The New “Causal” Research on School Spending is Not Causal

MagrittePipe.jpg

Some researchers and journalists have become very excited about a new set of studies that claim to find a causal relationship between increasing school spending and improving student outcomes.  These folks acknowledge that the vast majority of earlier research found no relationship between additional resources and stronger results, but that research was purely observational.  Perhaps school systems with weaker outcomes tend to get a larger share of increased spending, creating the false impression that more money doesn’t help.  That is, perhaps bad outcomes often cause more money, not the other way around.

There is a new wave of research that claims to find the causal relationship between school spending and student outcomes and those new results are much more positive.  The problem is that the new research pretty clearly falls short of having strong causal research designs.  Instead, the new research just seems to be substituting different non-causal methods with a different potential direction of bias for the old ones.

The new “causal” studies generally come in two types — regression discontinuity (RD) studies of bond referenda and instrumental variable (IV) analyses of court-ordered spending increases.  While RD and IV designs can produce results that approximate a randomized experiment and can be thought of as causal, the RD and IV studies in this new literature generally fail to meet the requirements for those designs to effectively approximate randomized experiments.  That is, the new “causal” research on school spending is not really causal.

To illustrate the problem with the use of RD to study bond referenda, let’s look at the study that was just published in the Journal of Public Economics (JPE), a very high-status journal. A working paper version of this study that is not behind a pay wall can also be found here. The idea of this RD, like others in the new school spending literature, is that bond referenda that barely pass and those that barely fail can be treated as approximating a randomized experiment.  That is, there is a large element of luck in whether a bond barely passes or not, so by chance some schools get extra money and others do not.  If those that get that extra money by luck produce better student outcomes over time than those that don’t get the extra money by chance, then we can say that money — and not other factors — caused the change in outcomes.

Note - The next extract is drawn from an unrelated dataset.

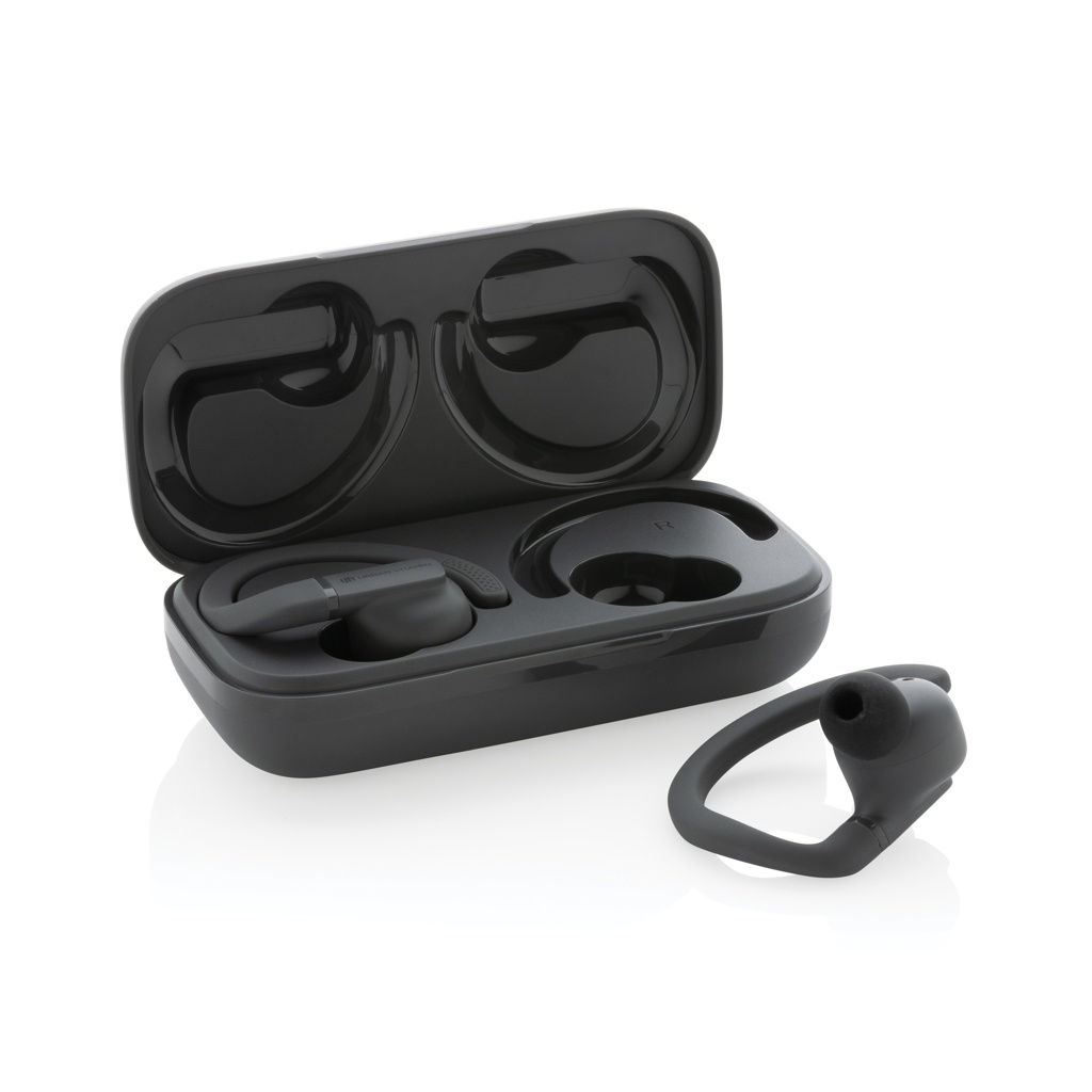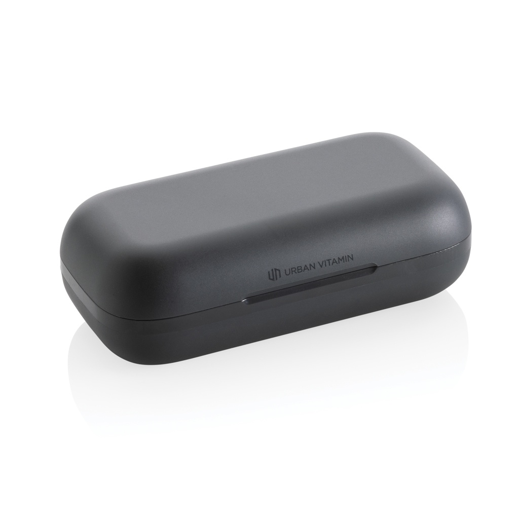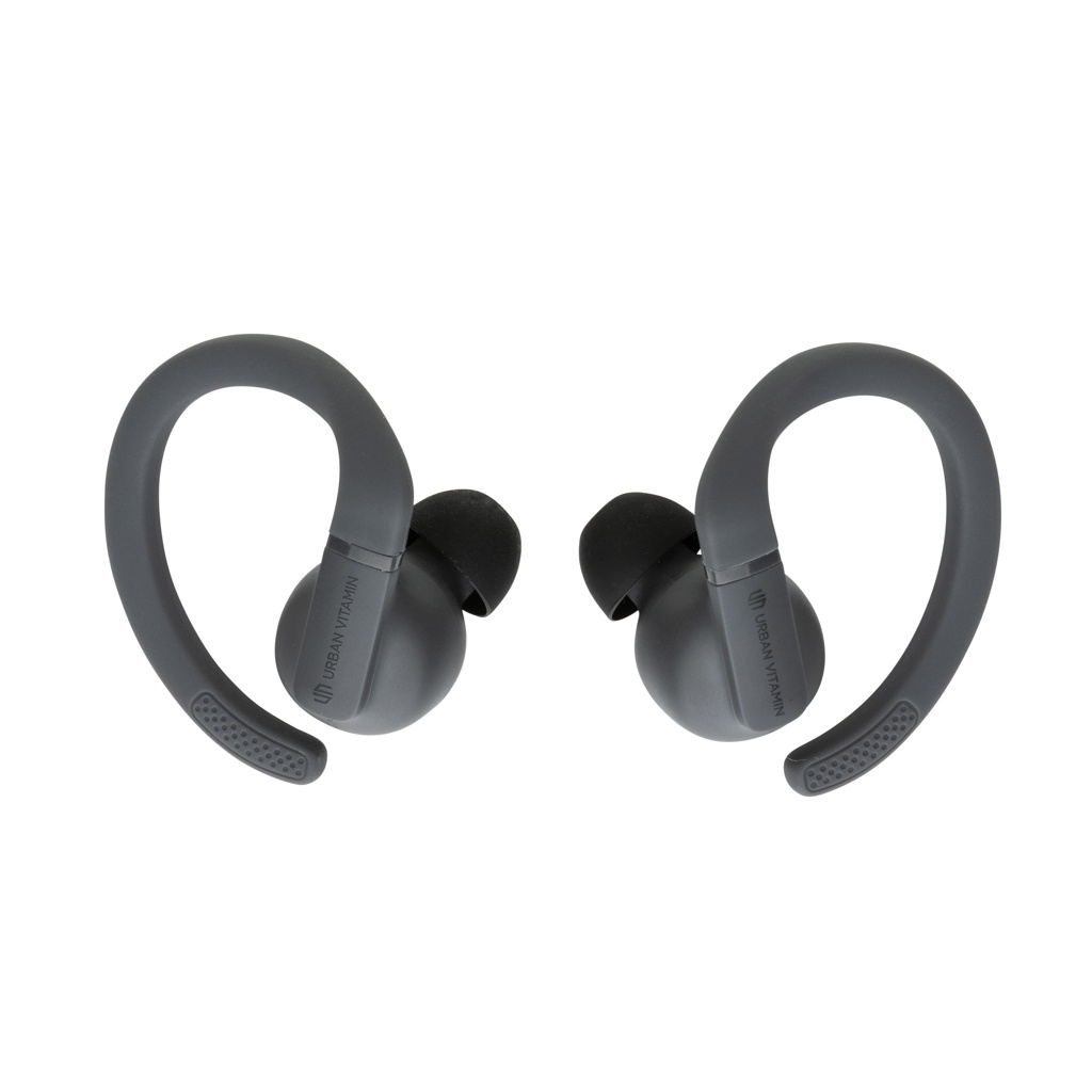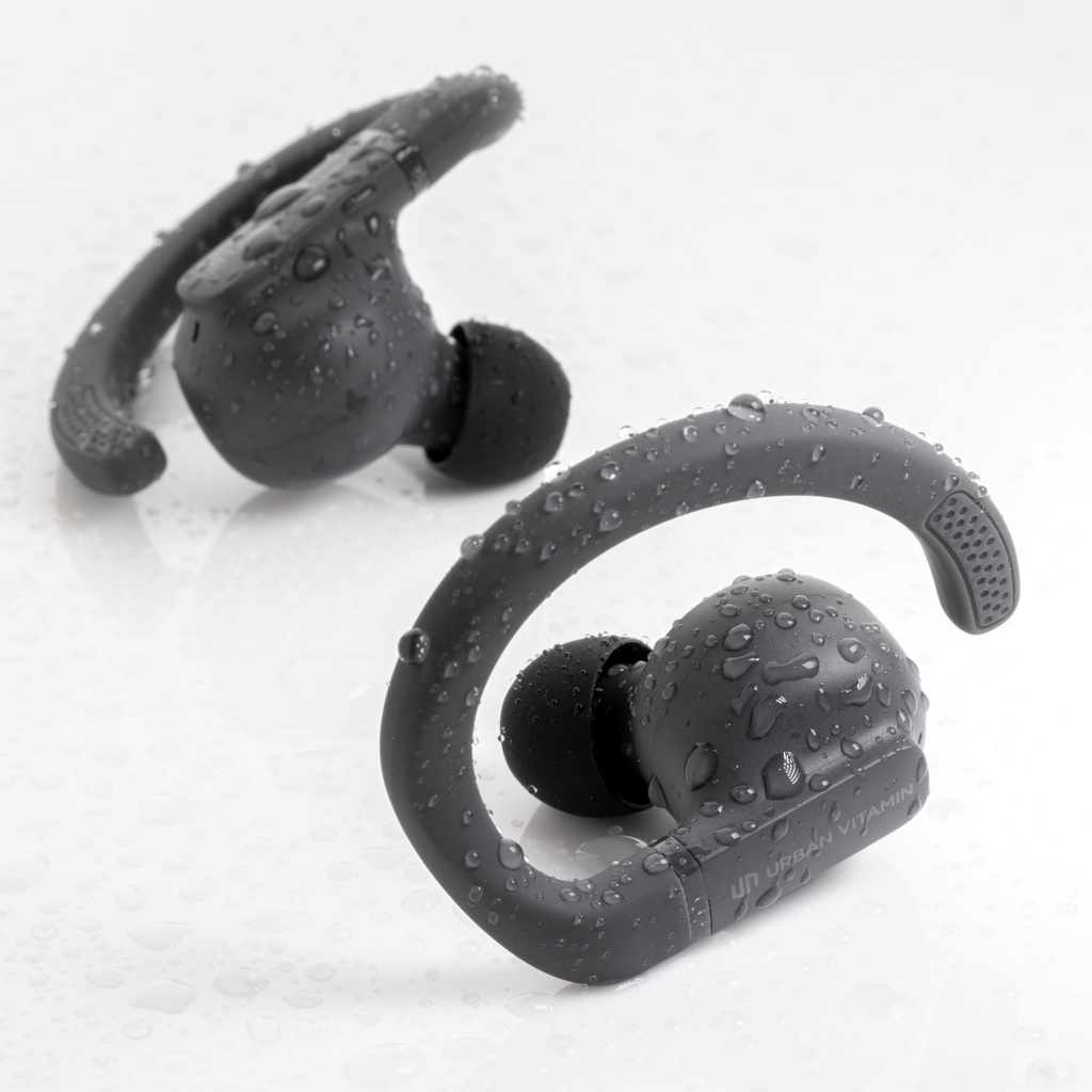 Outperform yourself and take your fitness to the next level with these perfect fit work out earbuds. The customisable, perfect fit ear hooks are adjustable with multiple ear tip options for extended comfort, and are made to stay in place, no matter how intense your workout is. These lightweight earbuds are built for peak performance with a sturdy design for IPX5-rated sweat, dust and water resistance. With up to 8 hours hours of listening time due to advanced BT 5.3 in each earbud and powerful, balanced sound, you’ll always have your music to motivate you. The earbuds and 600 mah charging case are made with made with RCS (Recycled Claim Standard) certified recycled ABS/TPE. Total recycled content: 55 % based on total item weight. RCS certification ensures a completely certified supply chain of the recycled materials. The earbuds can be re-charged 3 times fully in the charging case. Urban Vitamin items are made without PVC and packed in in plastic reduced packaging.

The JPE study, like most of the other RD studies in this new literature, falls short of approximating a randomized experiment in two ways.  First, we can only view RD results as causal if the set of observations examined is sufficiently narrow that we can plausibly think that it is effectively chance whether the treatment is received or not.  But the JPE study defines bond referenda as “near the threshold” for passing if they are withing 20 percentage points of the percent required for passage of the referendum.  That is, if 50% is needed to pass a referendum, the JPE study would define the election as “near the threshold” if the bond received between 30% and 70% of the vote.  This bandwidth is so wide that it includes almost two-thirds of all bond referenda in the states they examine.  To call this “near the threshold” is misleading.  And it is simply implausible to think of any outcome between receiving 30% and 70% of the vote as a matter of luck.

Second, we can only view RD results as causal if actors have no control over whether they fall on one side or another of the threshold.  In the case of bond referenda that requirement is clearly violated.  Districts choose whether and when to hold a referendum and they do so based on their estimated likelihood of prevailing.  In addition, districts try to have a finger on the pulse of the campaign and can alter the effort by them and their allies to improve the chances of victory.  In sum, whether districts win or lose referenda is partially a function of their political competence and resources, which are qualities that the researchers cannot observe or control and yet are likely to be associated with changes in student outcomes over time.

The IV studies in this new literature are no better at approximating randomized experiments.  For IV research designs to produce causal results, they need to have an exogenous instrument — something that predicts whether schools get more money or not, but which is uncorrelated theoretically and empirically with later student outcomes.  While the details vary across study, the general approach of the IV studies in this literature is to treat court-ordered spending increases as exogneous.  That is, they have to believe that legislatively adopted spending increases, which past studies primarily relied upon, risk reverse causation, but court-ordered spending increases are fundamentally different.  Court-ordered spending has to be thought of as manna from heaven, dropping on schools as if at random.  At the very least we have to believe that court-ordered spending differs from the regularly legislative kind in that it has nothing to do with factors that contribute to improved student outcomes.

It is clear that court-ordered spending increases are not exogneous and are not fundamentally different from the regular legislative kind.  Courts are political actors, just like legislatures, and whether and when the courts order spending increases is at least partially a function of a broader political conviction in a state that more resources are available and should be devoted to schools.  That conviction is just as likely to be associated with future improvement in student outcomes if it is expressed by the courts as if it is expressed by the legislature.

Both RD and IV studies in this new literature attempt to justify that their efforts are causal with empirical claims about the similarity of treatment and control groups before spending is increased.  But they can only compare on observable qualities, which is precisely the same thing that prior observational studies do.  These studies need to be able to justify theoretically that their approaches approximate random assignment, but they cannot do so persuasively.  Whether bond referenda pass or fail, especially by large margins, is not random.  And whether and when courts order spending increases is also not random — at least no more or less so than when legislatures do it.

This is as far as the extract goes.